Moreover, since being founded in 2011 the China-Africa Think Tank Forum (CATTF), a major Sino-African non-governmental exchange platform, has been a main vehicle for scholars of the two sides to publicize actual instances of Sino-African cooperation. The fifth CATTF took place in Yiwu of Zhejiang Province in April 2016 and held deep discussions on Sino-African production capacity development and African industrialization. In August 2016, the China-Africa Media & Think-Tanks Symposium was held in the port city of Mombasa, Kenya. More than 150 think tank and media representatives from 20 countries, including China, Kenya, South Africa, Senegal, Tanzania, Nigeria, Morocco, and Egypt, took part, and visited the Mombasa-Nairobi Railway, then under construction.

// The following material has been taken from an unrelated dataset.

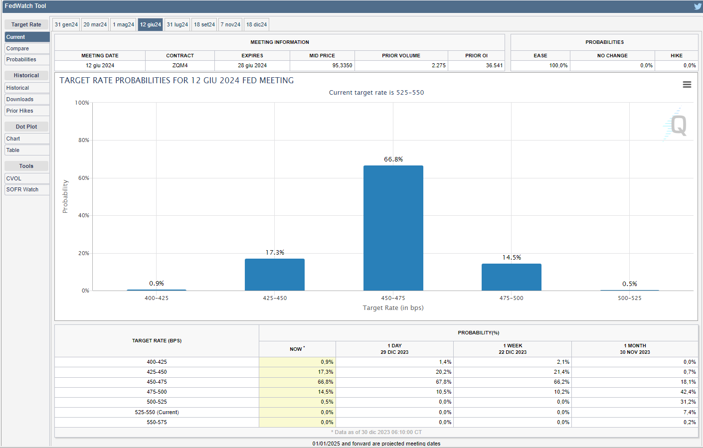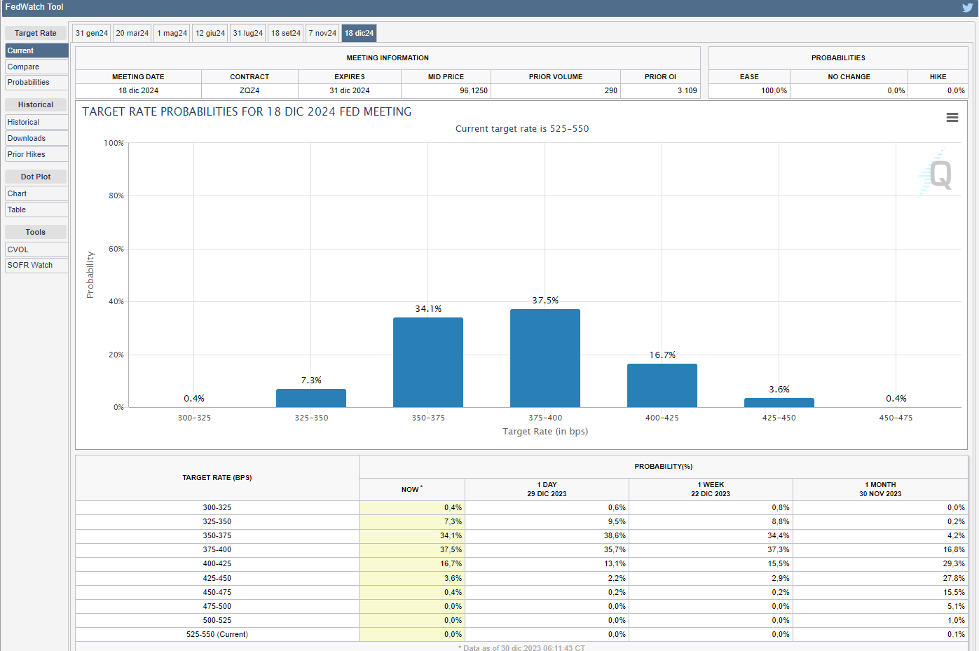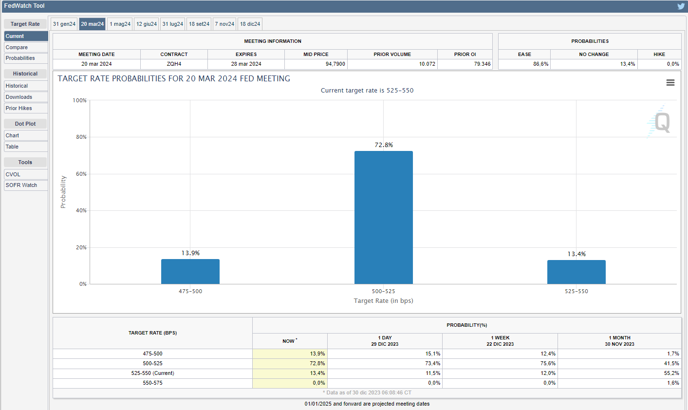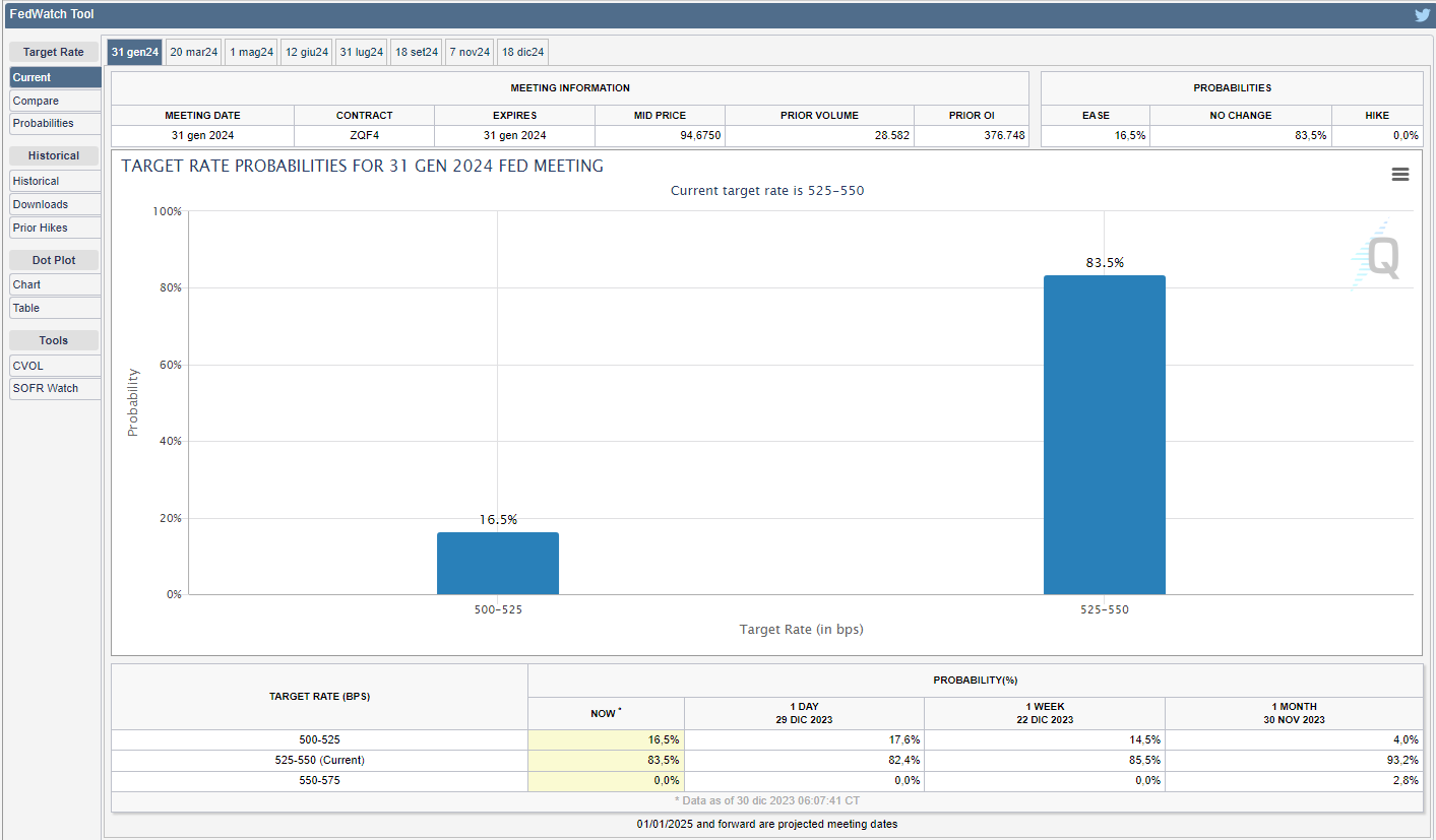 Lo strumento FedWatch del CME Group mostra come i mercati, per la prima riunione del 2024 in programma il 31 gennaio, iniziano a prezzare una modesta ma crescente probabilità del 16,5% di uno sconto di 25 bps contro il 14,5% di due venerdì fa (v. grafico):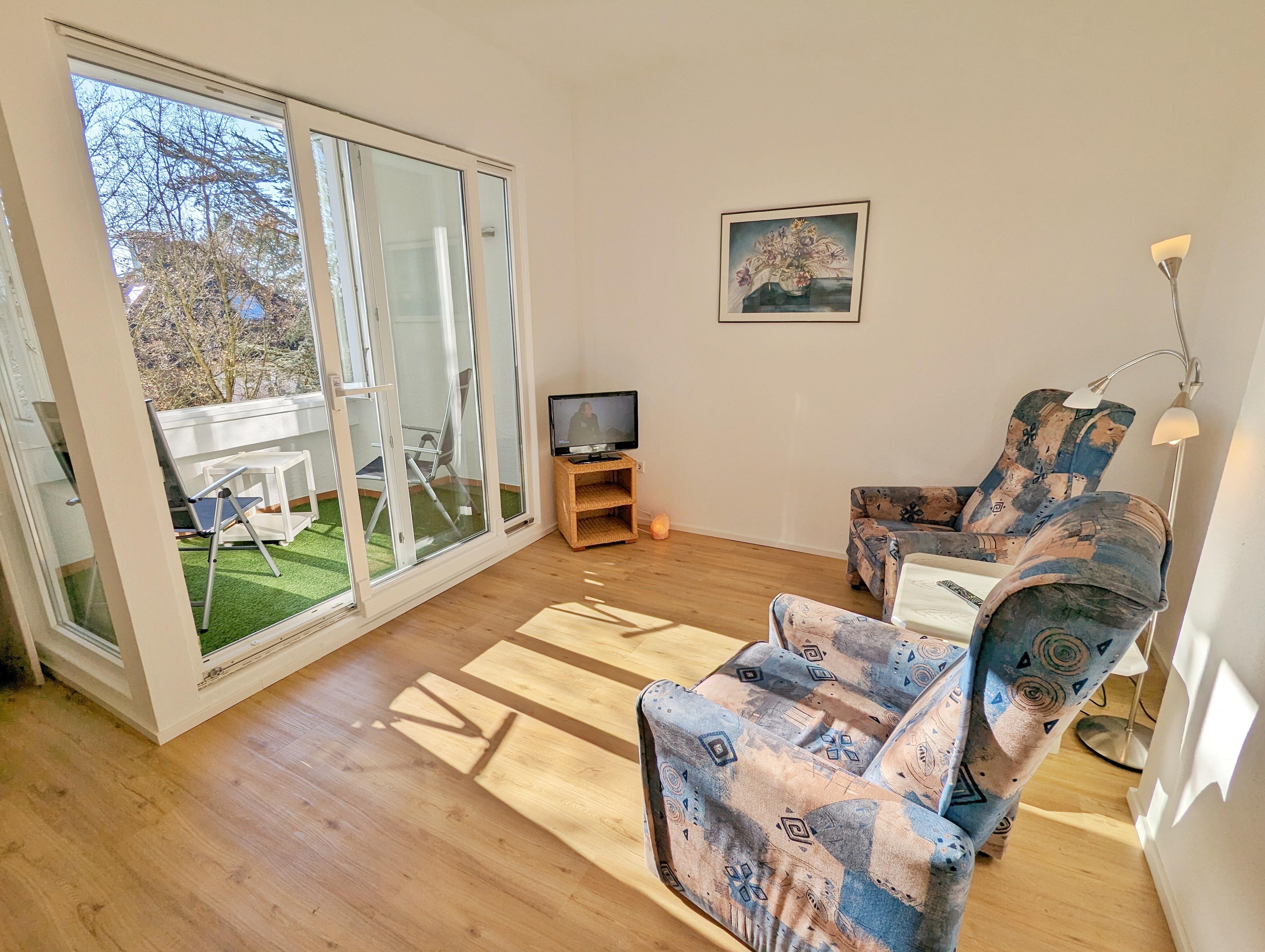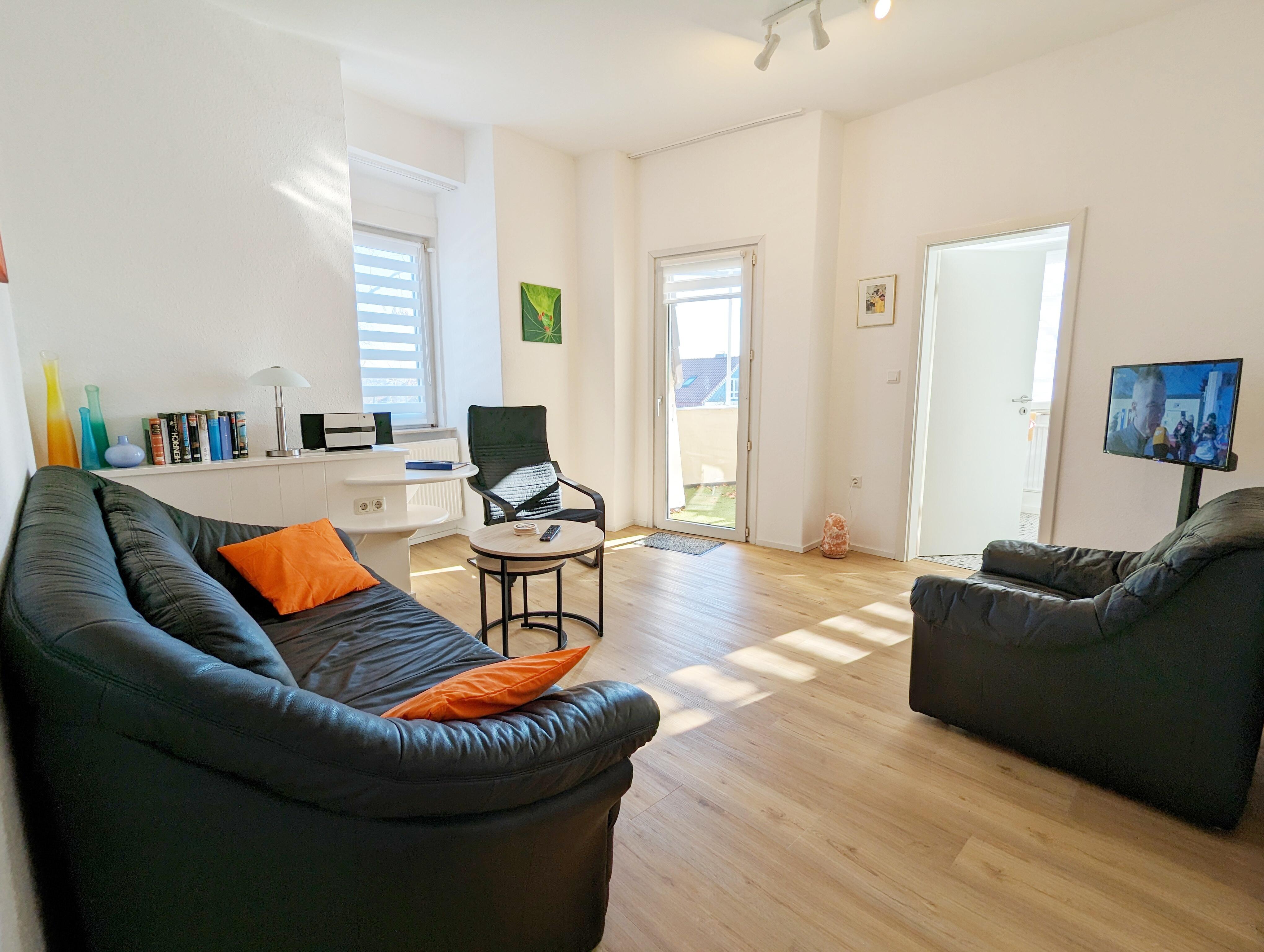 Unser Wohnung "Sonnenschein" im 1.OG mit Balkon ist ca. 60 qm groß und für max. 2 Personen und einem Schlafzimmer, oder ca. 80 qm mit zwei Schlafzimmer für max. 4 Personen ausgestattet.

Constantly enhanced Sino-African political and economic cooperation and people-and-people exchanges have had encouraging impact on fundamental public opinion. China's influence in African countries is rapidly growing, and the overall response to it is positive. According to the well-known Afrobarometer poll held in October 2016, of the 54,000 people interviewed from 36 African countries, the majority thought that China had a positive impact on their country. More than two thirds of interviewees also thought that economic activities, especially investment, were a key element of building and improving China's image among African citizens. Assistance and support from China for the continent's development also won the commendation of more than 80 percent of local residents surveyed from Nigeria, Liberia, and Cameroon, and 91 percent from Mali. Expansion of non-governmental exchanges is indeed a gradual oiling process that brings true transformation.

He Wenping is a research fellow with the Institute of West-Asian and African Studies at Chinese Academy of Social Sciences.